» **Your task**: Images are to be excluded, and the rest of the data repeated exactly.

» **Data segment**:
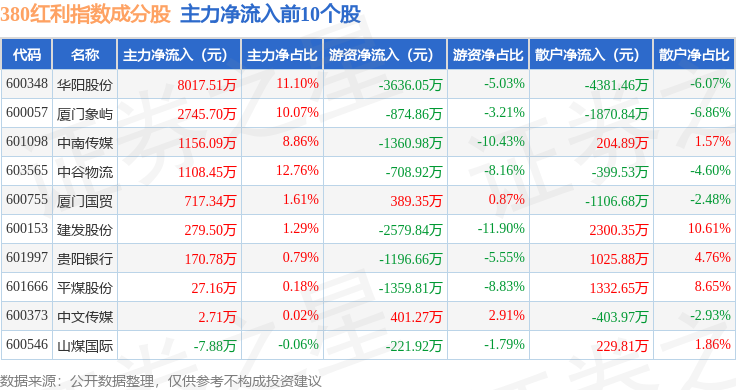 资金流向方面,380红利(000150)指数成份股当日主力资金净流出合计1.14亿元,游资资金净流出合计1.55亿元,散户资金净流入合计2.69亿元。成份股资金流向详情见下表:
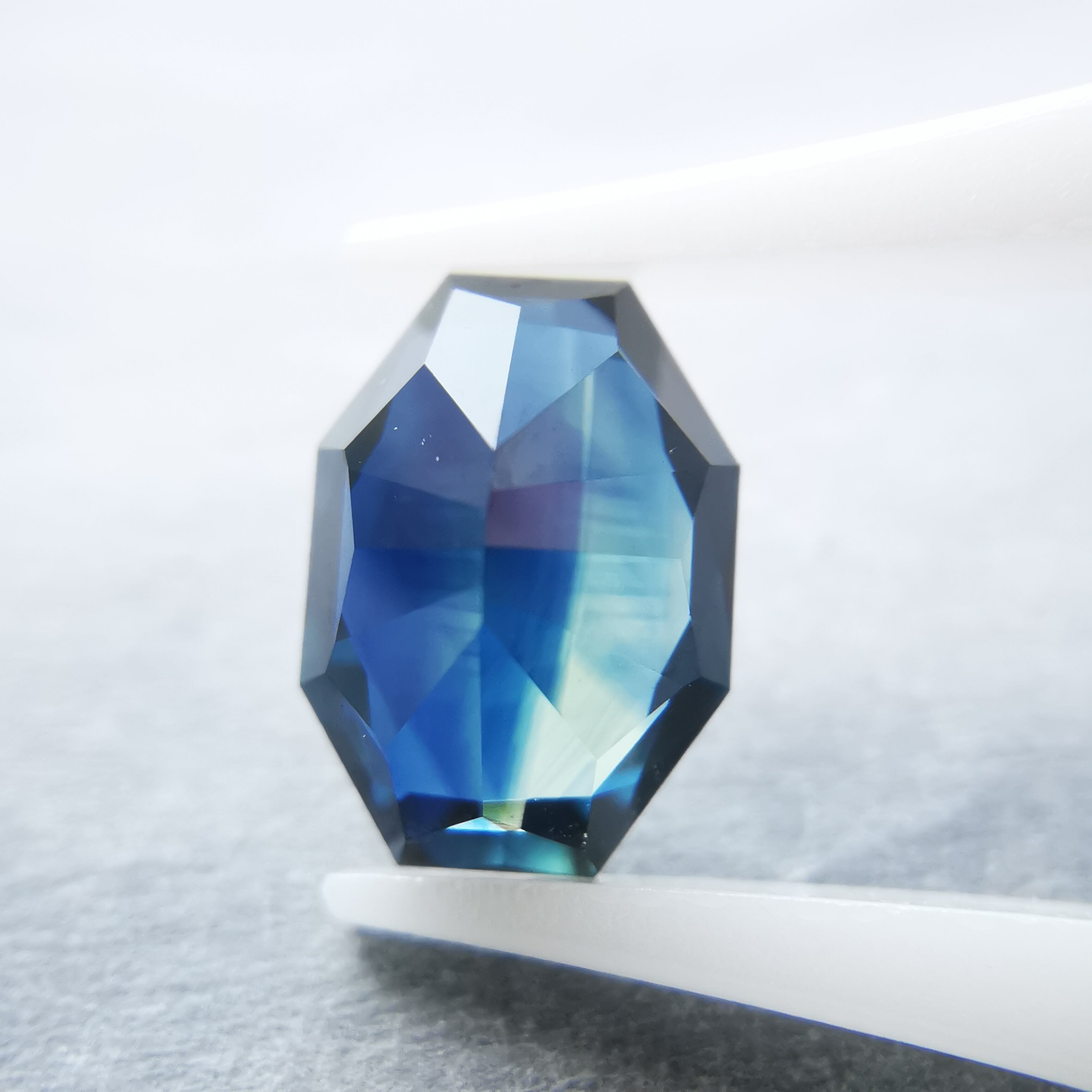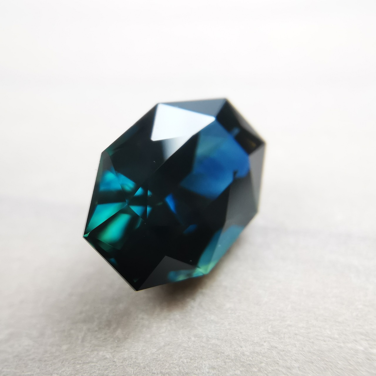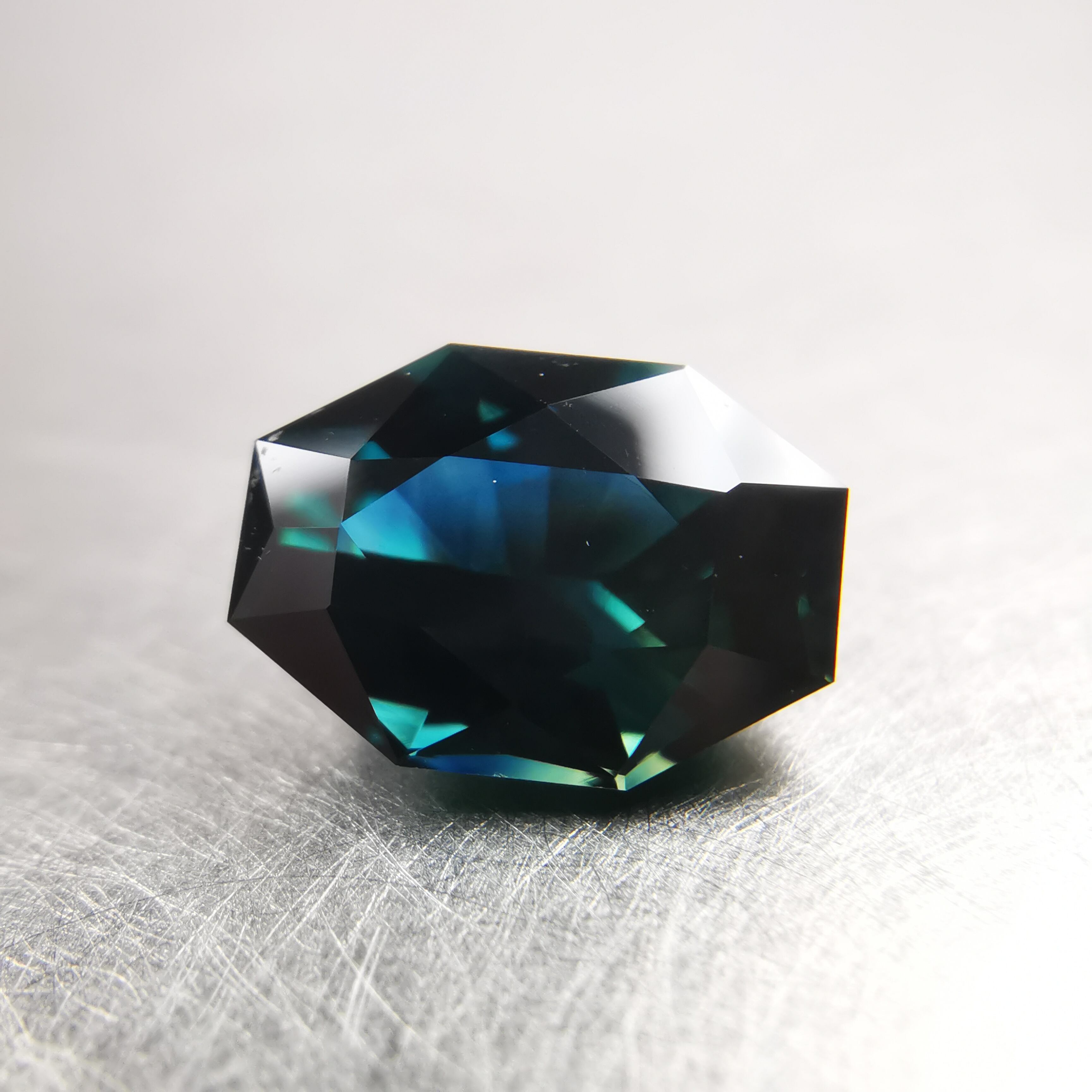 指に乗せると、美しいティールカラーを見せるサファイアです。
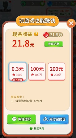 王者猜谜新春版是一个微信小程序,猜几个谜语凑到0.3元后,可提现秒到微信零钱!今夜斗僵尸,玩几把,看几个广告,进度条达到100%,即可提现0.3元,秒到微信零钱!我要养神仙,开始以为是嘉米游戏旗下的,后来发现只是长得像,合成12级后,提现0.3元到微信或者支付宝,秒到账!
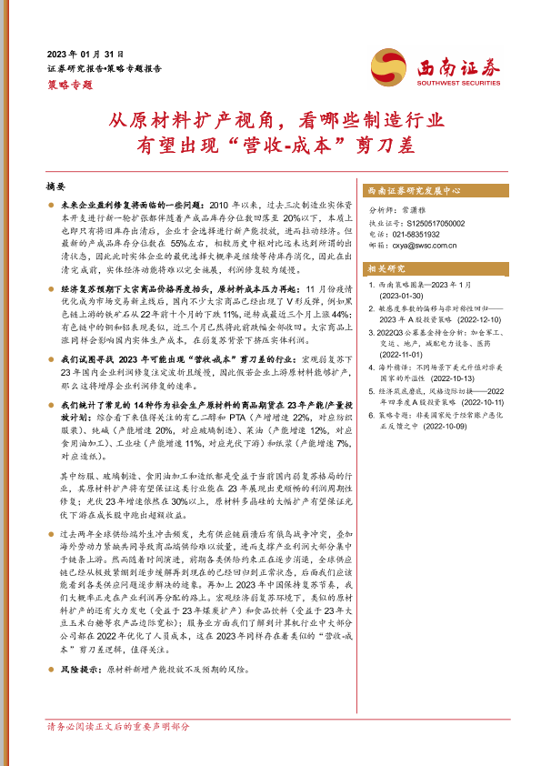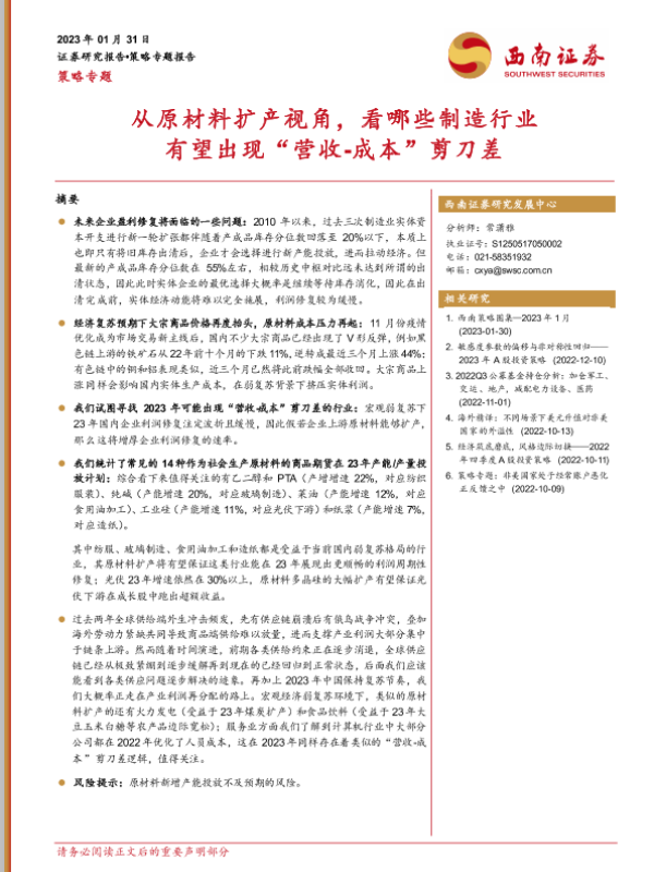【西南证券】【20230131】策略专题:从原材料扩产视角,看哪些制造行业有望出现“营收_成本”剪刀差-29页

» **Written solution**:
 资金流向方面,380红利(000150)指数成份股当日主力资金净流出合计1.14亿元,游资资金净流出合计1.55亿元,散户资金净流入合计2.69亿元。成份股资金流向详情见下表:
 指に乗せると、美しいティールカラーを見せるサファイアです。
 王者猜谜新春版是一个微信小程序,猜几个谜语凑到0.3元后,可提现秒到微信零钱!今夜斗僵尸,玩几把,看几个广告,进度条达到100%,即可提现0.3元,秒到微信零钱!我要养神仙,开始以为是嘉米游戏旗下的,后来发现只是长得像,合成12级后,提现0.3元到微信或者支付宝,秒到账!
【西南证券】【20230131】策略专题:从原材料扩产视角,看哪些制造行业有望出现“营收_成本”剪刀差-29页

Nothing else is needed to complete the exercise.